Remember that the pirates were successful only on their second attempt, after an extended chase that put them far outside the original range of capture. Their first (failed) attempt involved two teams and a "mothership" on standby, providing more manpower if nothing else. That first plan may have involved a further network who could tow the captured ship to shore, and "upper management" was within range to dictate action, transport the hostages elsewhere, et cetera. So much goes wrong during the narrative that we tend to see all decisions as acts of unplanned desperation after a point, but we can still guess at their original intentions if when they try to tow the Maersk with their lifeboat, they were following the same playbook as they started out with two teams and the mothership. It's just moot by then.
Speaking of narrative, the film is based on the questionable personal account of Richard Phillips, and further creative license may have been taken by director Greengrass.
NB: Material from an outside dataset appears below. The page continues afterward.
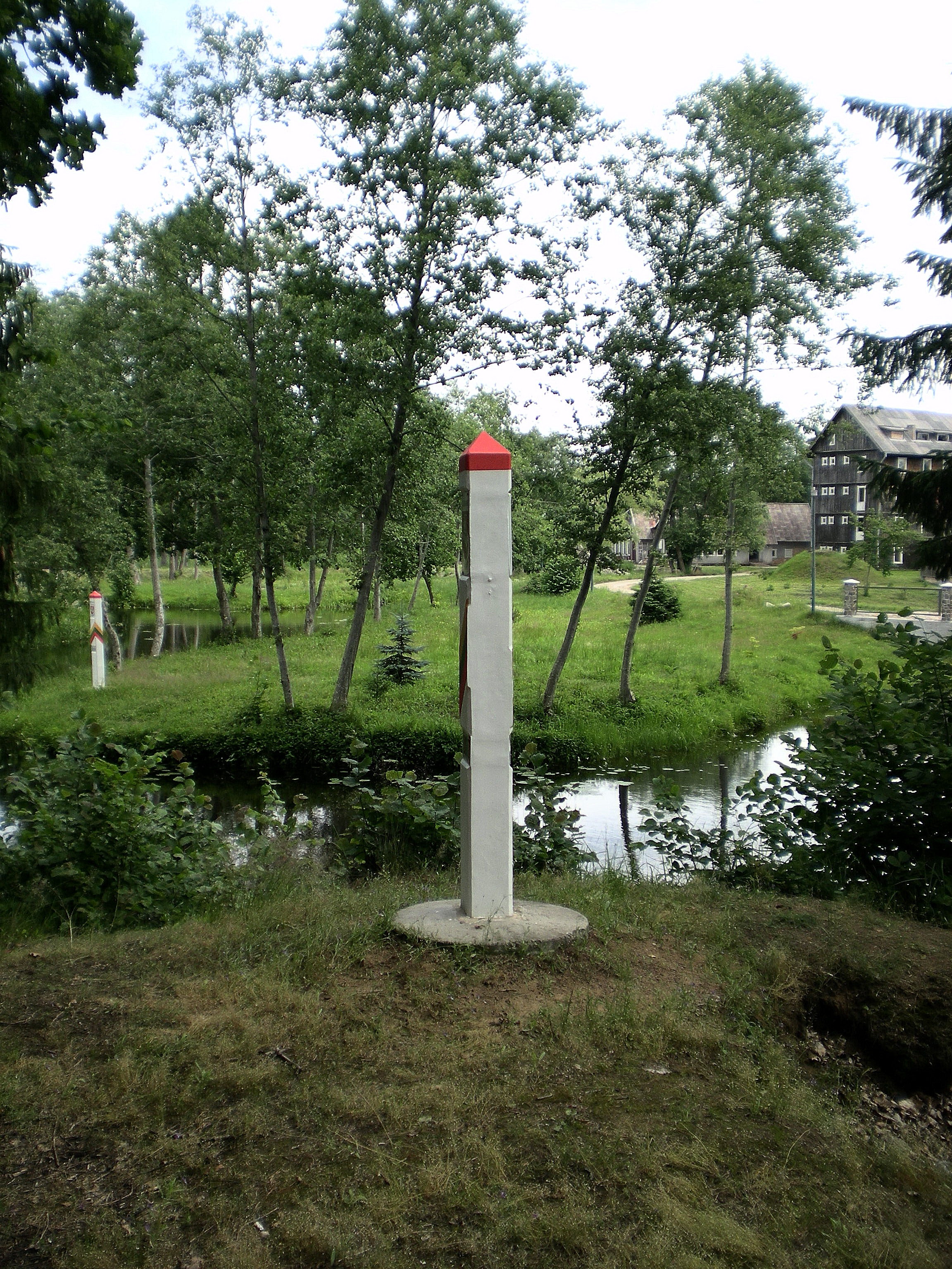 Latvia - Lithuania border near Rucava

Neither of them are in a position to speak the minds of the real life pirates who attacked the Maersk Alabama, and may have deliberately left it vague in the storytelling.
The 2012 film A Hijacking (original Danish: Kapringen) is similarly about a commercial ship captured and ransomed by pirates, and painstakingly covers the negotiation process that concludes in a large payout, suggesting that pirates in general are driven by this goal.
Author Jay Bahadur wrote an illuminating article for The Guardian in 2011 about the lives of Somali pirates, the motivations for hijacking commercial ships, chain of command and ransom payouts, and so on.
Relevant excerpts:
... The commercial ships, identifiable by the cranes visible on their decks, were much slower and easier to capture.
... Instances of the crew fighting back were rare, and rarely effective, and the whole process, from spotting to capturing, took at most 30 minutes.
... The captured ship was then steered to a friendly port – in Boyah's case, Eyl – where guards and interpreters were brought from the shore to look after the hostages during the ransom negotiation.